The London Hydraulic Power Company was set up by an Act of Parliament, to install a hydraulic power network of high-pressure cast iron water mains under London. It was a subsidiary of General Hydraulic Power Co and was the successor to the Steam Wharf and Warehouse Co, founded in 1871 by Edward B. Ellington.

The network covered an area mostly north of the Thames from Hyde Park in the west to Docklands in the east. The system was used as a cleaner and more compact alternative to steam engines, to power workshop machinery, lifts, cranes, theatre machinery, and the backup mechanism of Tower Bridge.

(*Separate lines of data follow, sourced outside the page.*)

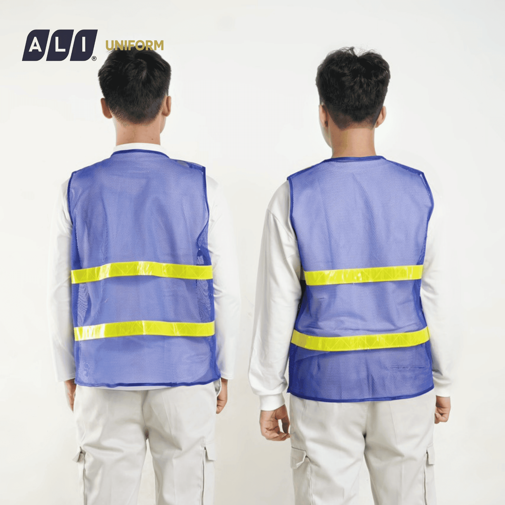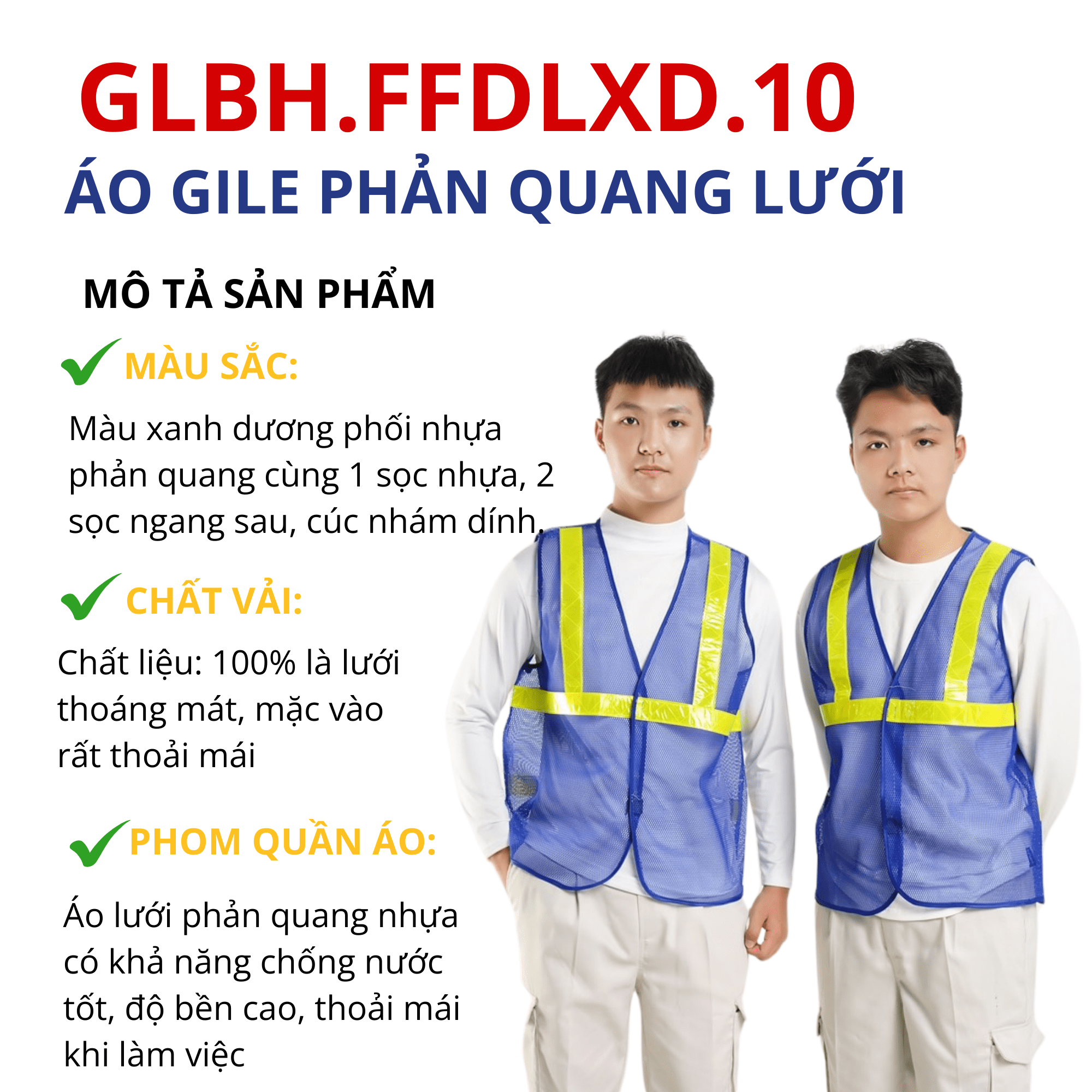 Áo gile bảo hộ lao động lưới phản quang nhựa màu xanh dương GLBH.FFDLXD.10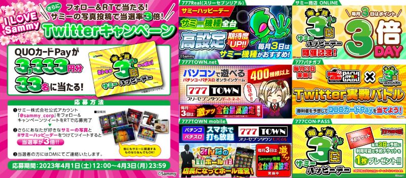 Happy Sammy day♬.*゚#PIA#サミーの日#ホントどうでもいいけど背景の色ぎりぎりまで超迷ったw pic.twitter.com/OU6WYOFeFH— うららの新台購入最前線 (@PIA_pachi_slo) March 30, 2023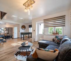 We waren de 1ste huurders van dit erg fijn verblijf. Het was een weekendje met ons kindje (1,5 j) en ander koppel. De woning is heel mooi ingericht en ook erg gezellig. Het huis wordt verwarmd met een pellet kachel, dus hiermee moesten wel wat rekening houden met ons kindje. De keuken is zeer gebruiksvriendelijk en omvatte alles. Enkel nog eierdopjes miste. De jacuzzi was ideale ontspanning. Kleine tip: misschien nog een extra zeteltje voorzien. Dicht bij een hoofdbaan, maar ook bij Durbuy.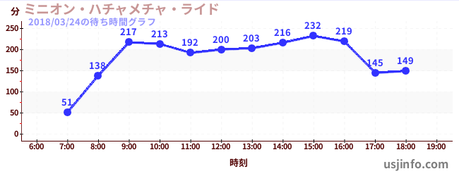 • ミニオン・ハチャメチャ・ライド$B$N(B2018年03月24日の待ち時間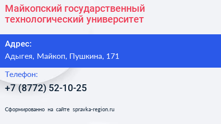 Майкопский государственный технологический университет по адресу Адыгея, Майкоп, Пушкина, 171 в дальнейшем Организация, размещена в следующих категориях:

It was also used to supply fire hydrants, mostly those inside buildings. The water, pumped straight from the Thames, was heated in winter to prevent freezing.

The pressure was maintained at a nominal 800 psi (about 5.5 MPa, or 54 bar) by five hydraulic power stations, originally driven by coal-fired steam engines. These were at: Falcon Wharf Pumping Station near Blackfriars Bridge (this was the first), Renforth Pump House in Wapping (built 1890), Rotherhithe (opened in 1904), using the defunct Tower Subway to carry pipes under the Thames, City Road Basin on the Regent's Canal in Islington and Grosvenor Road.

From about 1904 business began to decline as electric power became more popular. The company began to replace its steam engines with electric motors from 1923. At its peak, the network consisted of 180 miles (about 290 km) of pipes, and the total power output was about 7000 horsepower (5 MW). in 1908 the entire share capital of this company is held by the General Hydraulic Power Co, and the directors of that company form the board of the London Hydraulic Power Co.

The system closed in 1977 and the entire company was bought by Mercury Communications (a subsidiary of Cable and Wireless), who used the pipes as telecommunications ducts. Wapping Hydraulic Power Station, the last of the five to close, is now an arts centre and restaurant.